Records contained in a dataset:

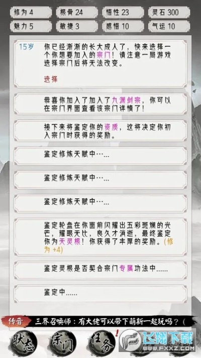 (2)前期选择:前期是可以这样玩的,把第一年的事件过了后,点200次升仙塔进行第一次切磋,然后再把修为提升到20,进行第二次切磋,(反正就是修为越高,打升仙塔胜算越高)。
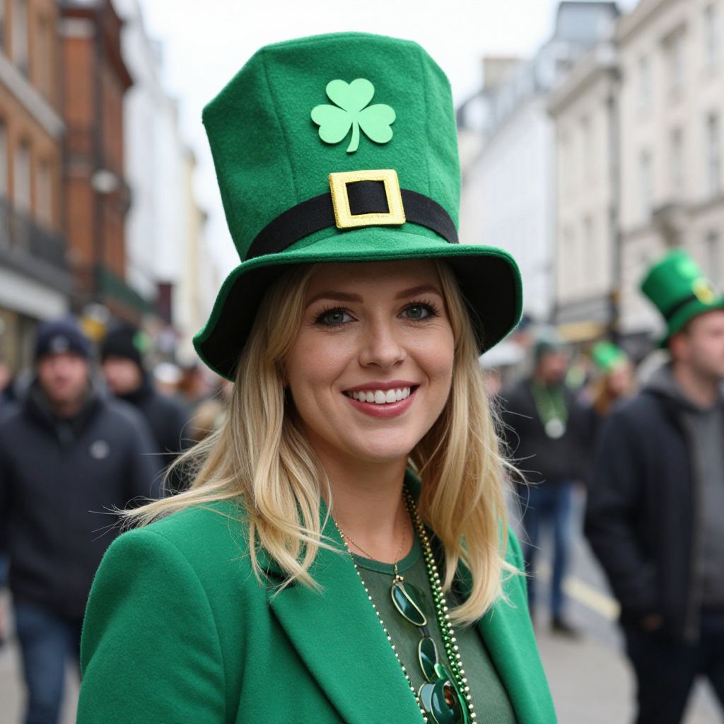 Blonde-haired woman donning a vibrant green leprechaun hat adorned with a shamrock pin and matching green attire, smiling warmly amidst the bustling streets of London during St Patrick's Day celebrations.
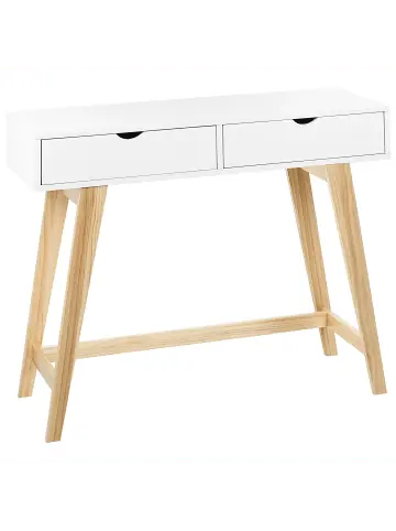 Konsolentisch mit Schubladen im skandinavischen Stil . Falls Sie einen skandinavischen oder minimalistischen Einrichtungsstil bevorzugen, wird dieser Konsolentisch mit Sicherheit zu Ihrer Wohnungseinrichtung passen. Das moderne Design des Möbels wird durch die weiße Oberfläche und die Schubladen hervorgehoben, während die Holzbeine in einem hellen Farbton für eine gemütliche Note sorgen. Mit seinem zusätzlichen Stauraum ist der Konsolentisch eine praktische Lösung für Ihr Wohnzimmer oder Ihren Flur, er kann aber auch als Schminktisch in Ihrem Schlafzimmer verwendet werden.Details: Typ: Konsolentisch Stil: Minimalistisch Farbe: Weiß Material: MDF-Platte Zusätzliches Material: Kiefernholz Material Rand: Holz Gestellmaterial: Holz Tischplattenmaterial: Holzwerkstoff Schubladen: Ja Finish: Lackiert Schutzkappen / Filzgleiter: Nein Schubladen: 2 Regalböden: NeinDimensions: Tiefe: 36 cm Breite: 101 cm Höhe: 78 cm Gewicht: 16 kg Max. Belastung der Schublade: 5 kg Max. Belastung der Oberplatte: 50 kgSie kaufen: 1x KonsolentischProduktvorteile: Praktische Schubladen mit stabilem Mechanismus, Minimalistischer, skandinavischer Stil, Hochwertiges Material, Zusätzlicher Stauraum, MultifunktionalMontage: Nicht montiert. 20 – 40 Min.Zusatzinformationen: Um die Haltbarkeit und die Ästhetik der Arbeitsplatte zu erhalten, sollte man Platzsets und Untersetzer verwenden und feuchte Stellen schnellstmöglich trocken wischen, um Produktschäden zu vermeiden.Pflegeanleitung:MDF-Platte: 1.Bitte ausschließlich milde Reinigungsmittel und weiche Tücher verwenden. Feuchte Stellen sofort trocken reiben.Kiefernholz: 1.Bitte ausschließlich milde Reinigungsmittel und weiche Tüchern verwenden. Dabei immer in Richtung der Maserung abwischen 2.Sofort nach der Reinigung abtrocknen, um zu verhindern, dass sich Wasser auf dem Produkt absetzt 3.Nur bei geölten Holzartikeln befolgen: Sie sollten nach einiger Zeit nachgeölt werden, damit sie lange in einem guten Zustand erhalten bleiben.
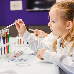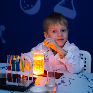 Научный халат и рабочее место с настоящей лабораторной посудой для каждого участника мастер-класса.
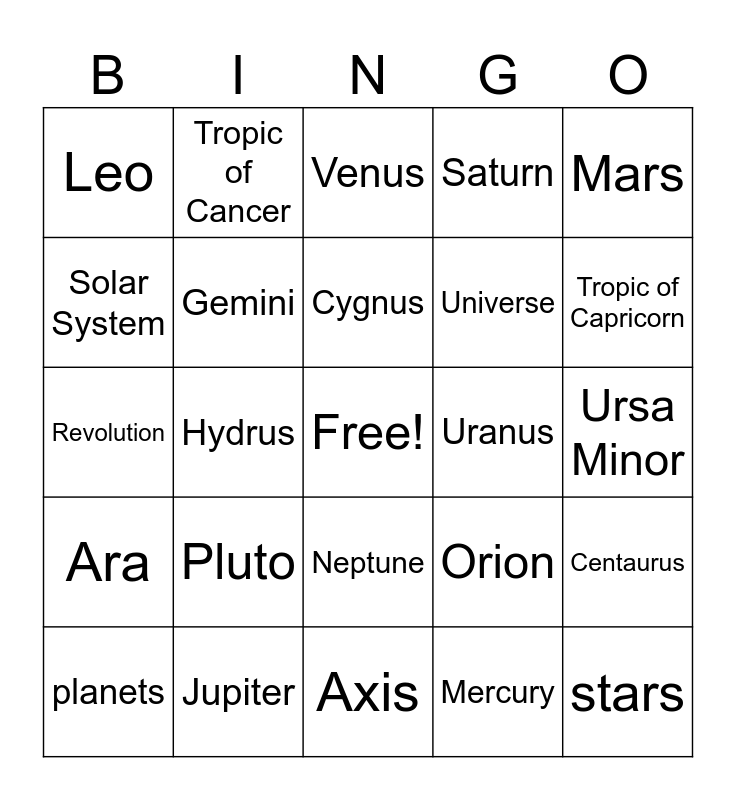 This bingo card has a free space and 45 words: constellations, stars, sun, planets, moon, Mercury, Venus, Earth, Mars, Jupiter, Saturn, Uranus, Neptune, Pluto, Polaris, Axis, Orbit, Revolution, Equator, Tropic of Capricorn, Tropic of Cancer, Northern Hemisphere, Southern Hemisphere, Leo, Ursa Major, Ursa Minor, Summer solstice, Winter solstice, Orion, Ara, Sagittarius, Centaurus, Scorpius, Pegasus, Taurus, Hydrus, Aries, Lepus, Chamaelon, Cygnus, Solar System, Universe, Galexy, Gemini and Titan.
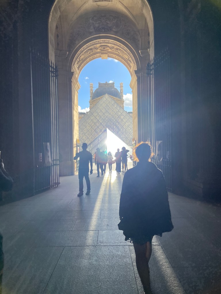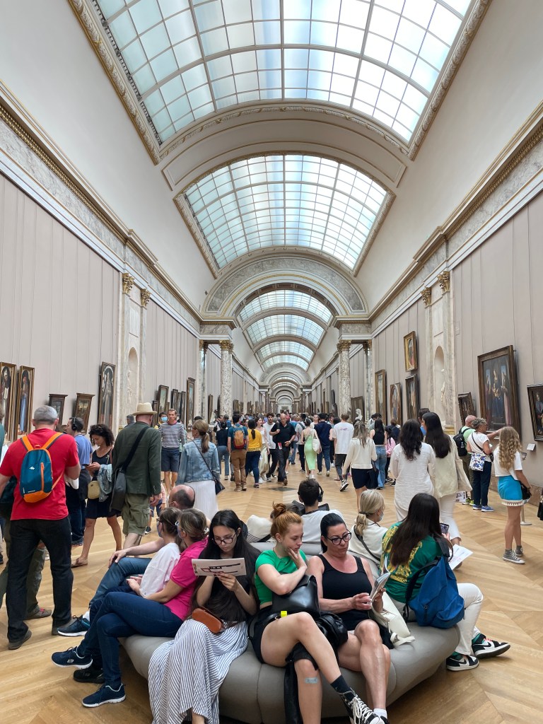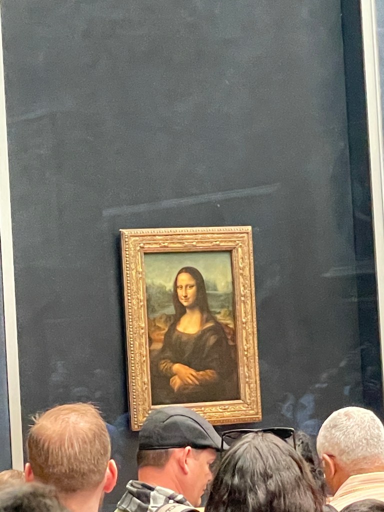 The Seated Scribe must be on loan at another museum because we can’t find him. So we make our way to see the Mona Lisa. Up a flight of stairs, down through a gallery, down some stairs, back up. We were lost. Rerouting. And back on track to the Mona Lisa.

### Assignment
Write out every entry again word for word, without any of the pictures.

### Written response
 (2)前期选择:前期是可以这样玩的,把第一年的事件过了后,点200次升仙塔进行第一次切磋,然后再把修为提升到20,进行第二次切磋,(反正就是修为越高,打升仙塔胜算越高)。
 Blonde-haired woman donning a vibrant green leprechaun hat adorned with a shamrock pin and matching green attire, smiling warmly amidst the bustling streets of London during St Patrick's Day celebrations.
 Konsolentisch mit Schubladen im skandinavischen Stil . Falls Sie einen skandinavischen oder minimalistischen Einrichtungsstil bevorzugen, wird dieser Konsolentisch mit Sicherheit zu Ihrer Wohnungseinrichtung passen. Das moderne Design des Möbels wird durch die weiße Oberfläche und die Schubladen hervorgehoben, während die Holzbeine in einem hellen Farbton für eine gemütliche Note sorgen. Mit seinem zusätzlichen Stauraum ist der Konsolentisch eine praktische Lösung für Ihr Wohnzimmer oder Ihren Flur, er kann aber auch als Schminktisch in Ihrem Schlafzimmer verwendet werden.Details: Typ: Konsolentisch Stil: Minimalistisch Farbe: Weiß Material: MDF-Platte Zusätzliches Material: Kiefernholz Material Rand: Holz Gestellmaterial: Holz Tischplattenmaterial: Holzwerkstoff Schubladen: Ja Finish: Lackiert Schutzkappen / Filzgleiter: Nein Schubladen: 2 Regalböden: NeinDimensions: Tiefe: 36 cm Breite: 101 cm Höhe: 78 cm Gewicht: 16 kg Max. Belastung der Schublade: 5 kg Max. Belastung der Oberplatte: 50 kgSie kaufen: 1x KonsolentischProduktvorteile: Praktische Schubladen mit stabilem Mechanismus, Minimalistischer, skandinavischer Stil, Hochwertiges Material, Zusätzlicher Stauraum, MultifunktionalMontage: Nicht montiert. 20 – 40 Min.Zusatzinformationen: Um die Haltbarkeit und die Ästhetik der Arbeitsplatte zu erhalten, sollte man Platzsets und Untersetzer verwenden und feuchte Stellen schnellstmöglich trocken wischen, um Produktschäden zu vermeiden.Pflegeanleitung:MDF-Platte: 1.Bitte ausschließlich milde Reinigungsmittel und weiche Tücher verwenden. Feuchte Stellen sofort trocken reiben.Kiefernholz: 1.Bitte ausschließlich milde Reinigungsmittel und weiche Tüchern verwenden. Dabei immer in Richtung der Maserung abwischen 2.Sofort nach der Reinigung abtrocknen, um zu verhindern, dass sich Wasser auf dem Produkt absetzt 3.Nur bei geölten Holzartikeln befolgen: Sie sollten nach einiger Zeit nachgeölt werden, damit sie lange in einem guten Zustand erhalten bleiben.
 Научный халат и рабочее место с настоящей лабораторной посудой для каждого участника мастер-класса.
 This bingo card has a free space and 45 words: constellations, stars, sun, planets, moon, Mercury, Venus, Earth, Mars, Jupiter, Saturn, Uranus, Neptune, Pluto, Polaris, Axis, Orbit, Revolution, Equator, Tropic of Capricorn, Tropic of Cancer, Northern Hemisphere, Southern Hemisphere, Leo, Ursa Major, Ursa Minor, Summer solstice, Winter solstice, Orion, Ara, Sagittarius, Centaurus, Scorpius, Pegasus, Taurus, Hydrus, Aries, Lepus, Chamaelon, Cygnus, Solar System, Universe, Galexy, Gemini and Titan.
 The Seated Scribe must be on loan at another museum because we can’t find him. So we make our way to see the Mona Lisa. Up a flight of stairs, down through a gallery, down some stairs, back up. We were lost. Rerouting. And back on track to the Mona Lisa.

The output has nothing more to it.